Этикетка 1734 года «Виолон Дьявола». Этот новый формат этикеток
впервые появился примерно в 1731 году
На этом новом ярлыке не было фразы «sub titulo», а также не было слов «сын», «внук» или «племянник». Это был просто смелый, современный и уверенный в себе лейбл. Однако его самой отличительной чертой, возможно, более отличительной, чем любая другая этикетка в истории изготовления скрипок, были три печатных буквы в дальнем правом углу с надписью IHS. Инициалы представляют собой христограмму, полученную из первых трех букв греческого написания имени Иисус (ΙHΗΣΟΥΣ). С 7-го века IHS обозначал латинский девиз Iesus Hominum Salvator («Иисус, Спаситель человечества»), а к 17-му веку он стал представлять орден иезуитов. Эти три буквы — под крестом, но без пунктуации и контекста — привели к почти трём столетиям теорий и спекуляций.

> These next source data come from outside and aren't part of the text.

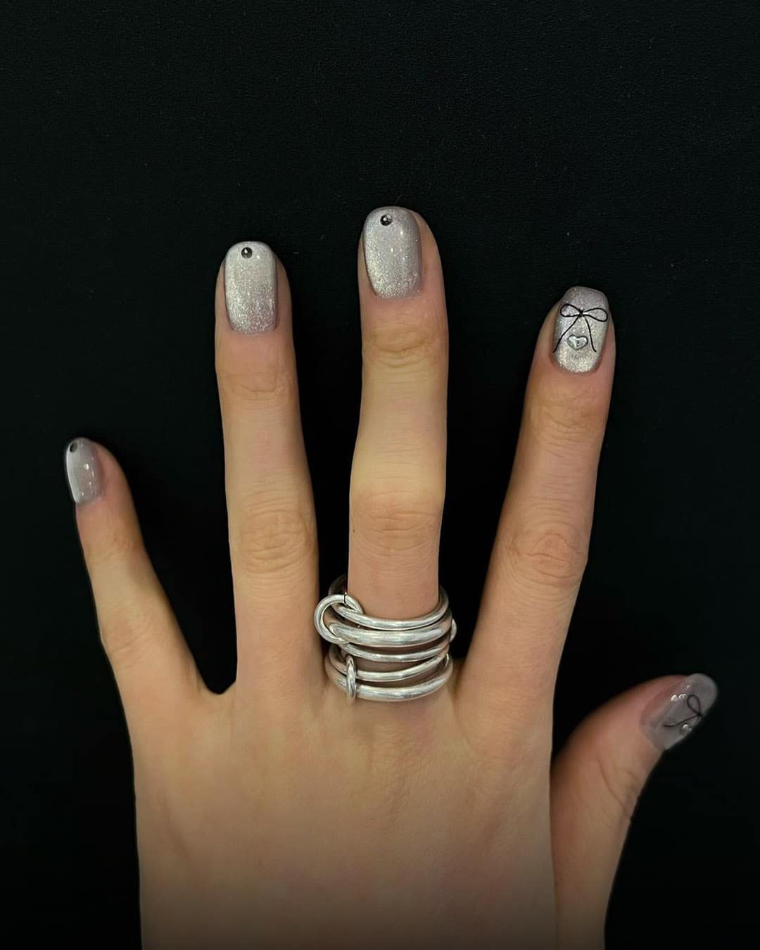 The silver color trend extends not only to fashion but also to nail art. Silver nails offer a unique and sophisticated mood without being as flashy as glitter. Thanks to them, you can create a glamorous look without needing to wear accessories like rings or bracelets.
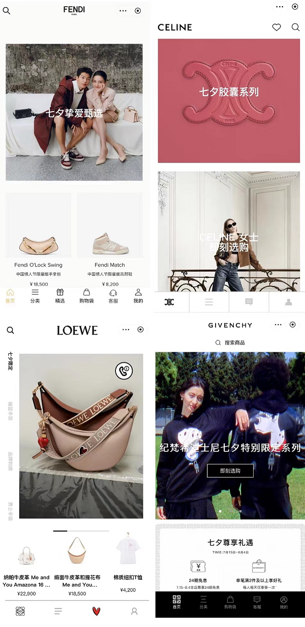 FENDI芬迪O’Lock Swing中国情人节限量版手拿包,可手提或腋下背携,邂逅 相遇时刻的怦然心跳。CELINE思琳七夕胶囊系列手袋,以浪漫色调重塑多元廓形,谱写节日心动篇章。LOEWE罗意威七夕特别限定心形迷你Flamenco手拿包,饰有情人节图案,表达炽热的爱情。DISNEY×GIVENCHY纪梵希《101忠狗》七夕特别限定系列也已上线京东,依托Content Hub功能,消费者点击图片中的“风格搭配”,将有更多扩展内容指导选购。
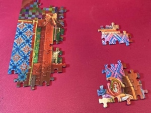 De Sint bracht mij een quiltpuzzel, dat had ik hem wel ingefluisterd, en voor de zekerheid ook de link doorgestuurd waarmee de puzzel besteld kon worden, hij is tenslotte ook de jongste niet meer. Heerlijk puzzelen, 1000 stukjes. Het hield me uit de slaap, want nog even een paar stukjes aanleggen loopt vaak uit. Wat erg leuk was: je herkent de quiltblokken op de puzzel, omdat je ze ooit zelf maakte of gezien hebt. Het betrof traditionele blokken, gemaakt door grijze dames met katten in de werkruimte: herkenbaar! Binnen de week was de puzzel klaar.
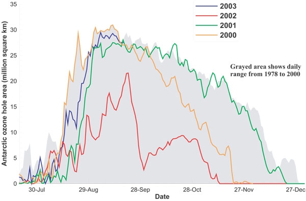 The area of the Antarctic ozone hole for 2003 compared to 2000, 2001, and 2002.
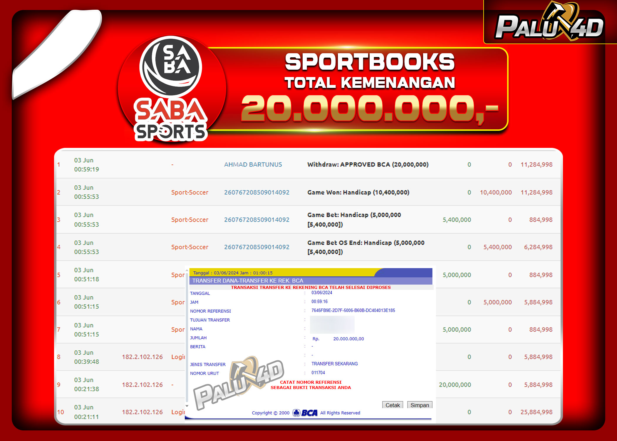 PALU4D – Menang SPORTBOOKS TARUHAN BOLA Rp.20.000.000.,- LUNAS
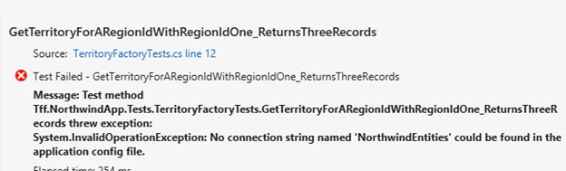 I needed to copy/paste the .config over. (Which is the 1st clue that my test is is actually an integration test). I then ran the test and got red:
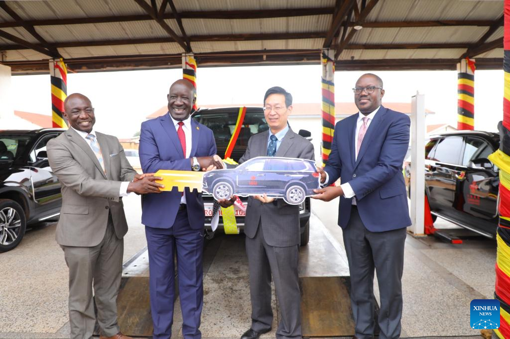 Ugandan officials and Chinese Ambassador to Uganda Zhang Lizhong (2nd R) attend a hand-over ceremony of SUV vehicles in Kampala, Uganda, on Dec. 14, 2023. China has pledged to support Uganda as the East African country gears up to host the 19th Non-Aligned Movement (NAM) Summit and the 3rd South Summit. This was revealed here Thursday by Chinese Ambassador to Uganda Zhang Lizhong while handing over 70 SUV cars to the Ugandan government. (Ministry of Foreign Affairs of Uganda/Handout via Xinhua)
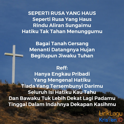 Seperti Rusa Rindu Sungaimu Lyric. Back to * kaulah kekuatan dan perisaiku. Seperti rusa rindu sungaimu jiwaku rindu engkau kaulah tuhan hasrat hatiku ku rindu menyembahmu.
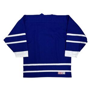 Show your support for the Toronto Maple Leafs with this vintage Y2K blue CCM hockey jersey. A must-have for any young fan, the jersey comes in a size large, fitting comfortably with a regular size type. It's designed to replicate the on-ice look of your favourite NHL team, complete with the official team colors and logo.
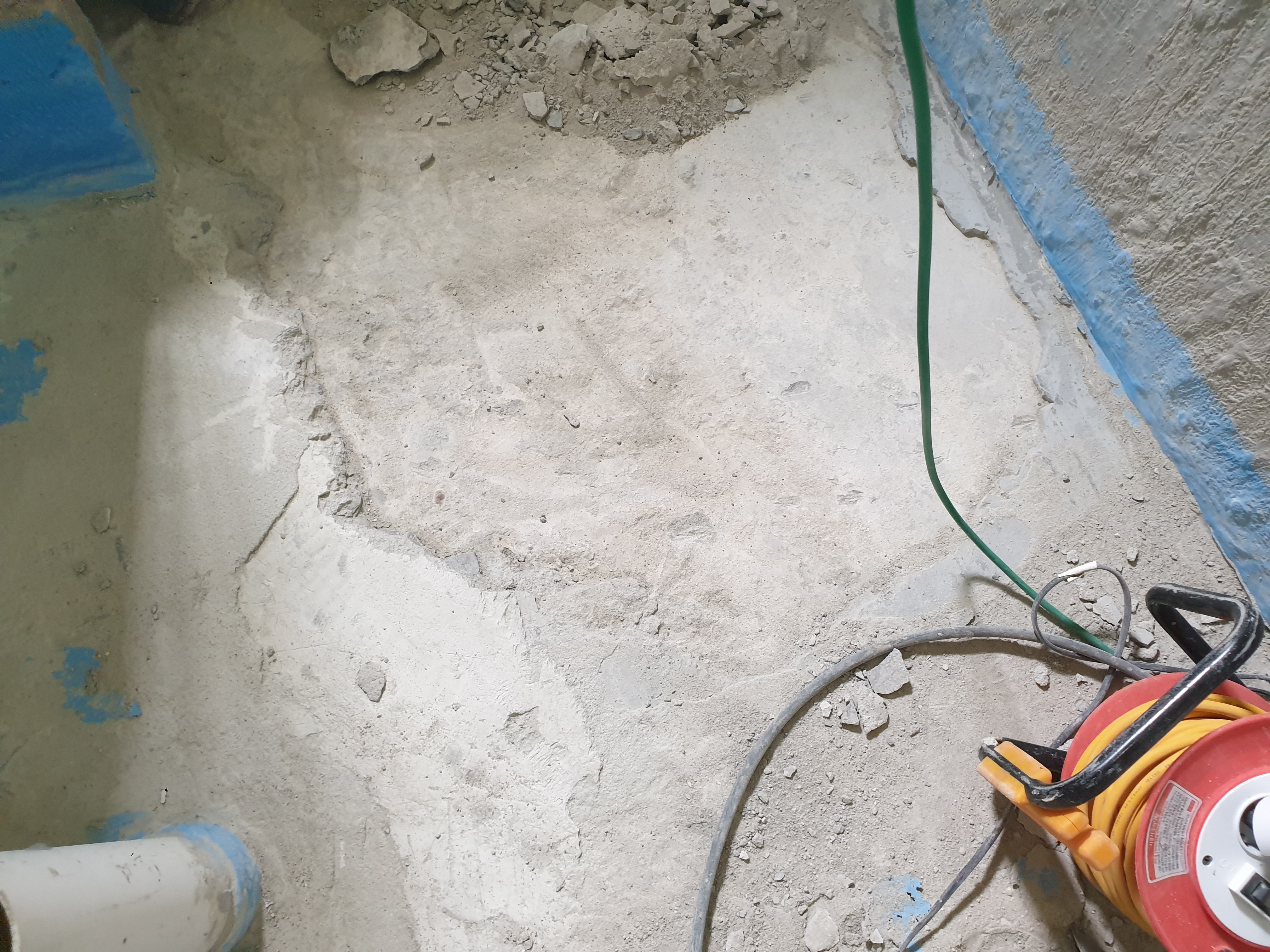 방수하시는 분이 배관 신설과 수도 이동 후 백시멘트로 까낸 공간을 채우고 액체방수 2회 하셨어요

Окончательное объяснение ещё не материализовалось, но было предложено много интересных гипотез. Возможно, это был символ иезуитской связи. Или свидетельство благочестивого ремесленника, благодарящего Бога. Или, возможно, это была имитация знаменитой монограммы (A†S) на этикетках Страдивари. Или, учитывая, как он впервые появился примерно в то время, когда дель Джезу перевёз свою мастерскую, печать IHS могла указывать на знак или ориентир, который помогал покупателям найти дорогу в его ателье. В 18 веке символ IHS был обычным явлением, и на самом деле фасады многих зданий в Кремоне до сих пор несут эту эмблему в качестве украшения. Был ли рядом с новой мастерской Гварнери заметный знак IHS? Ответ может быть проще, чем кажется: в 1731 году дель Джезу больше не нужно было отличать себя от отца; ему нужно было рекламировать свой новый адрес.
Каким бы ни было объяснение этой многовековой загадки, мы можем утешиться тем, что новый лейбл del Gesù стал свидетельством новой, независимой и захватывающей главы в жизни производителя.
Джейсон Прайс — основатель, эксперт и директор Tarisio; Карло Кьеза — скрипичный мастер и эксперт в Милане.